Zamroni mengatakan jika eskalasi perang membesar, kondisi ini dapat berdampak ke arus perdagangan global. Kondisi ini, kata dia, juga berdampak pada kestabilan makroekonomi global.
"Dan ini tentu saja merugikan banyak pihak. Tidak hanya antara yang negara berkonflik, tentu saja Israel dan Iran akan terkena dampaknya," ujar dia.
Baca Juga
Bagi Indonesia, kata Zamroni, serangan Iran ke Israel akan mengganggu arus perdagangan Indonesia ke wilayah Eropa dan Afrika.
"Tidak hanya ekspor tapi juga impor, itu akan terganggu. Jadi secara tidak langsung serangan Iran ke Israel kemarin akan memberikan dampak. Bisa terlihat nanti sekitar 1 bulan atau 2 bulan ke depan," ujar dia.

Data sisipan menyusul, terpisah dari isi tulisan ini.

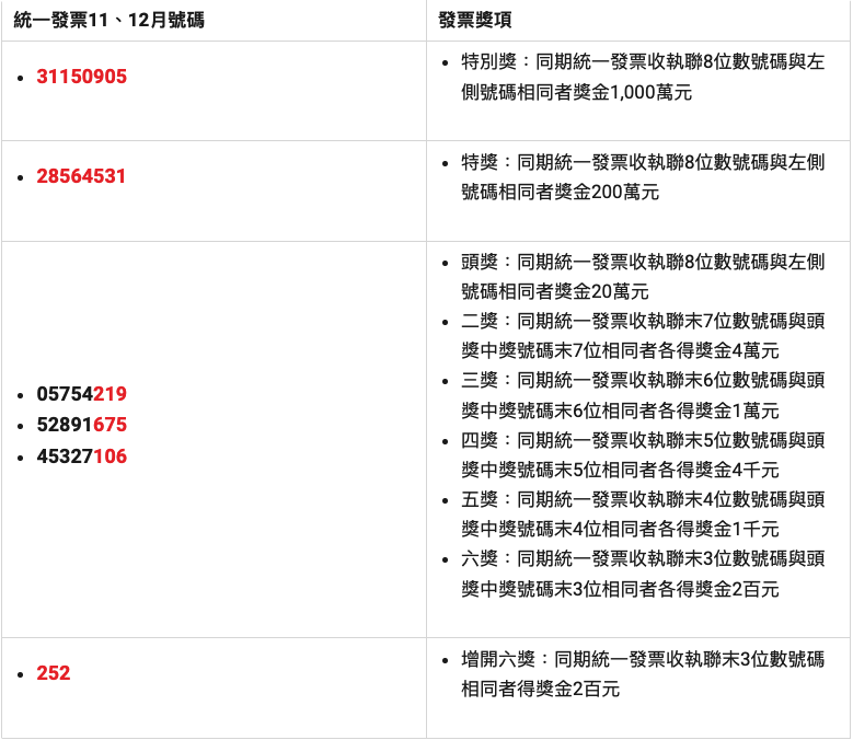 引用來源網址:https://tw.sports.yahoo.com/news/統-發票11-12月號碼開獎囉-開獎號碼請點此-040843784.html
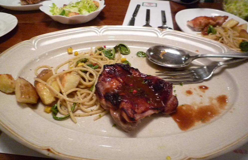料理のメインは、家族分をドーンとまとめて大皿に乗って来ました。
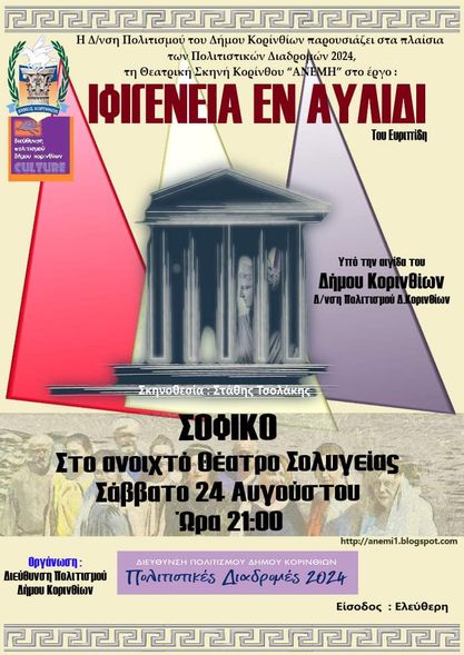 Σάββατο, 24 Αυγούστου στο Σοφικό – Θεατρική παράσταση «ΙΦΙΓΕΝΕΙΑ ΕΝ ΑΥΛΙΔΙ» από τη Θεατρική Σκηνή Κορίνθου ΑΝΕΜΗ.
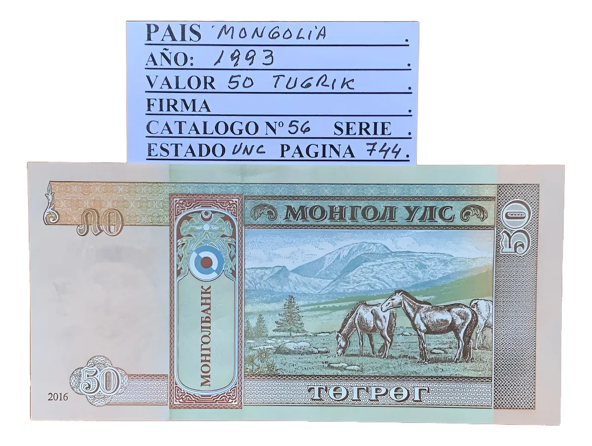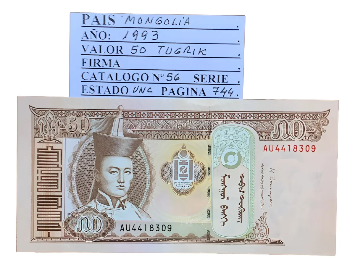 Billete de 50 tugrik del mismo perÃodo de Mongolia, relevante para completar series históricas y explorar cambios económicos tras la apertura democrática.
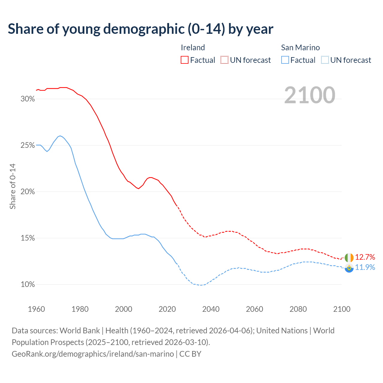- The share of young demographic (0-15 years old) in Ireland is 18.6% vs 12.3% in San Marino.
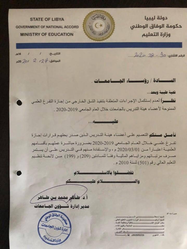 السادة أعضاء هيئة التدريس الذين قضوا إجازة التفرغ العلمي الشق الداخلي... يطلب منكم مباشرة أعمالكم من تاريخ 1-3-2020م للأهمية يطلب الإلتزام...... كلية التربية البدنية وعلوم الرياضة..
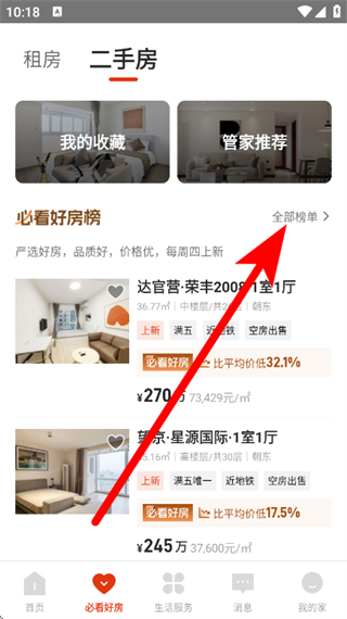 2、在必看好房页面,点击全部榜单,进入房源列表。
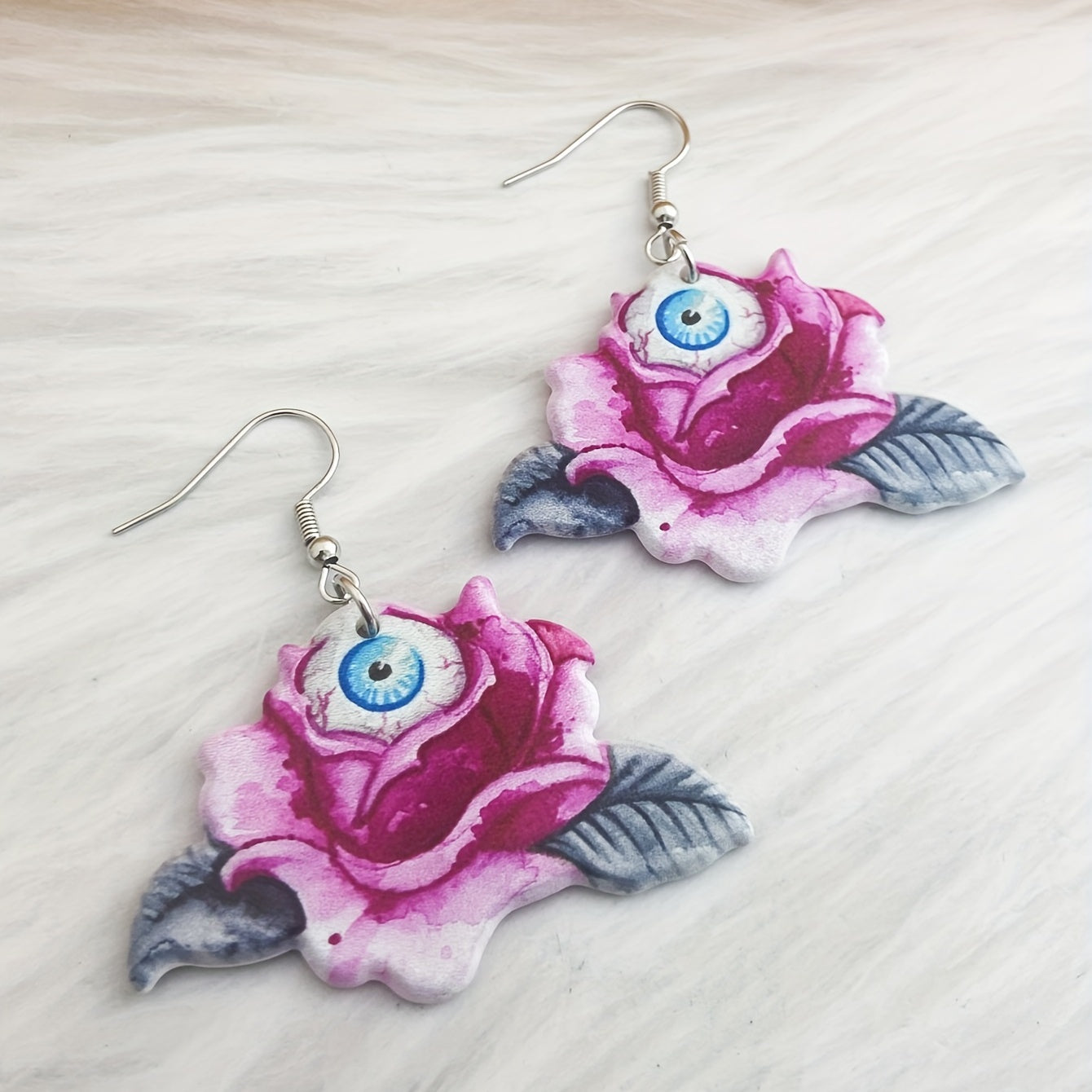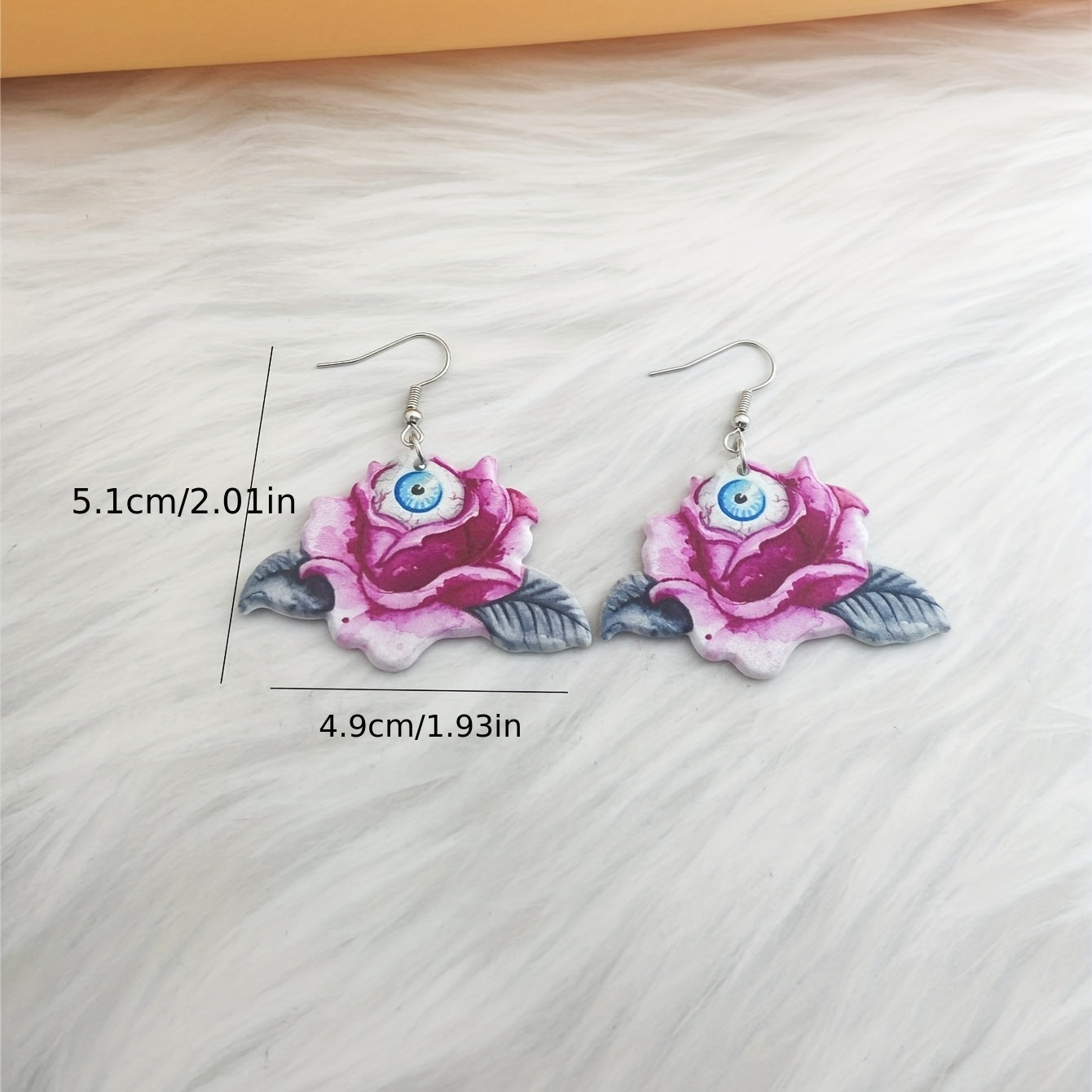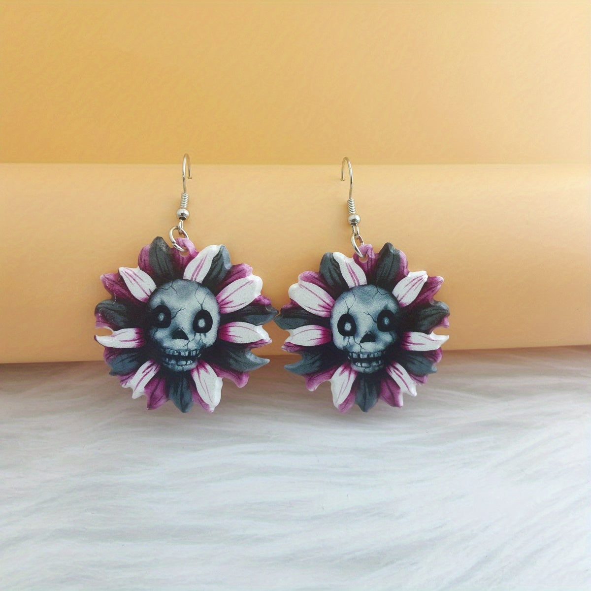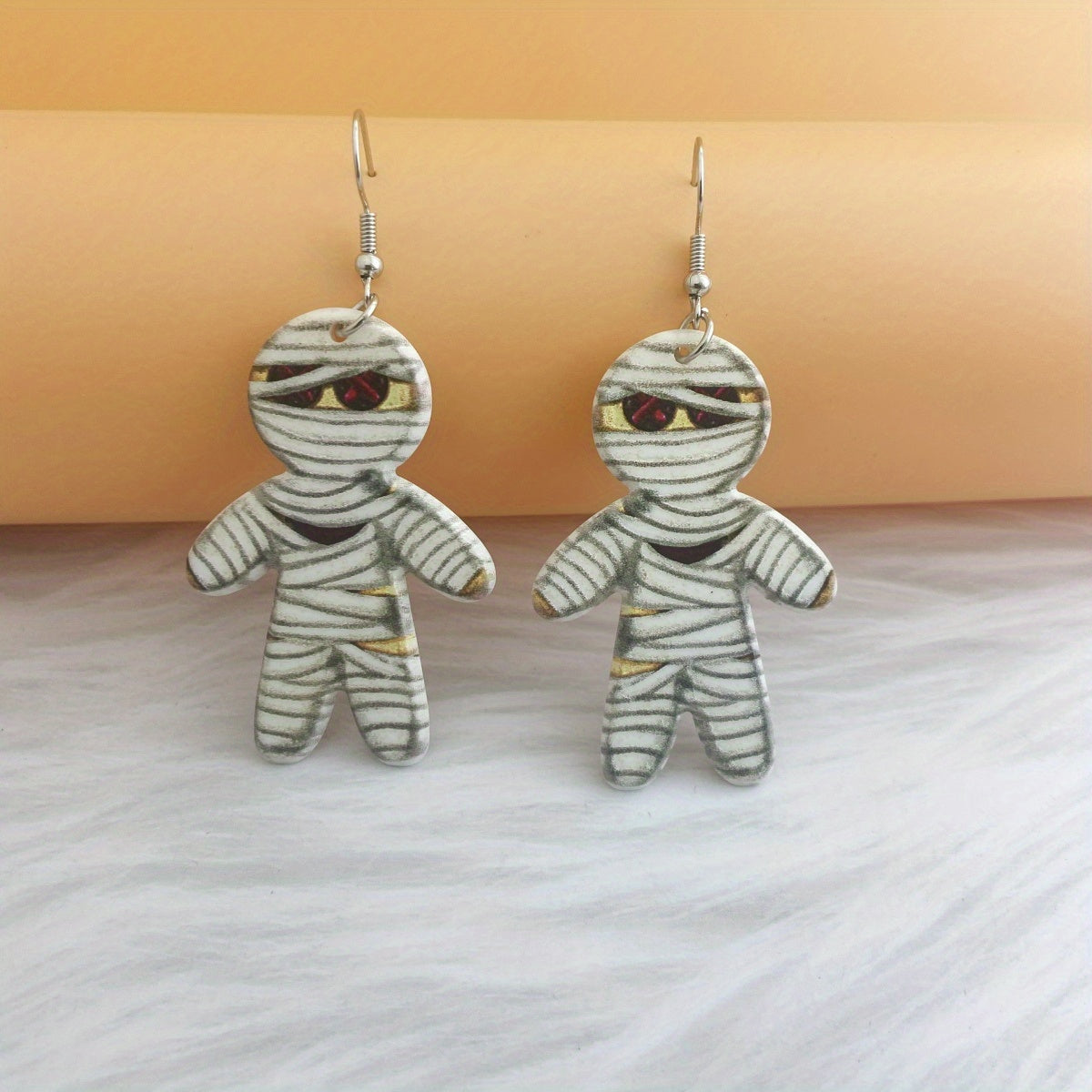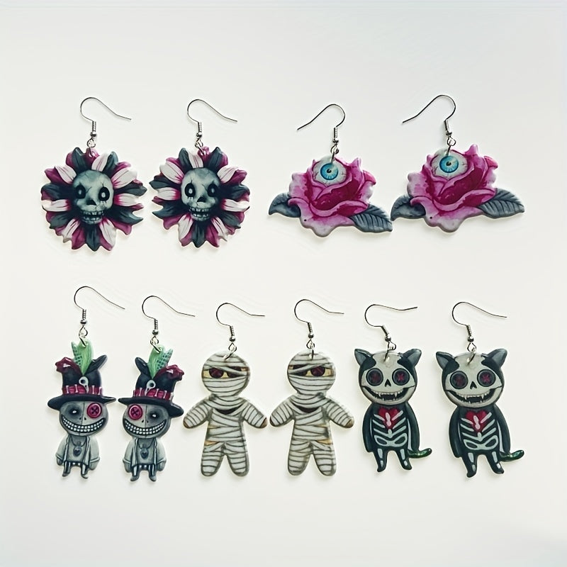 Elevate your Halloween look with these spooky goth style acrylic earrings featuring devil, flower, eye, mummy, hats, skull, cat, and ghost ornaments.

Zamroni menyebut salah satu komoditas yang akan terdampak secara langsung dari konflik ini yaitu minyak. "Komoditas minyak itu adalah dari komoditas yang paling terkena dampaknya secara langsung," ujar dia.
Baca Juga
Selain perdagangan, Zamroni juga melihat potensi konflik di Timur Tengah dapat merembet ke nilai tukar. Meski demikian, tekanan terhadap Mata Uang Garuda dapat dihambat jika AS tak ikut serta menambah keruhnya perang.
"Dampaknya itu mungkin bisa diminimalisir ketika eskalasi konflik perang itu tidak berlanjut. Dalam arti Amerika tidak ikut menambah keruhnya peperangan. Jadi dalam hal ini nilai tukar Rupiah masih bisa di kisaran Rp 15.000-an. Rp 15.200-an hingga Rp 15.300-an," ujar dia.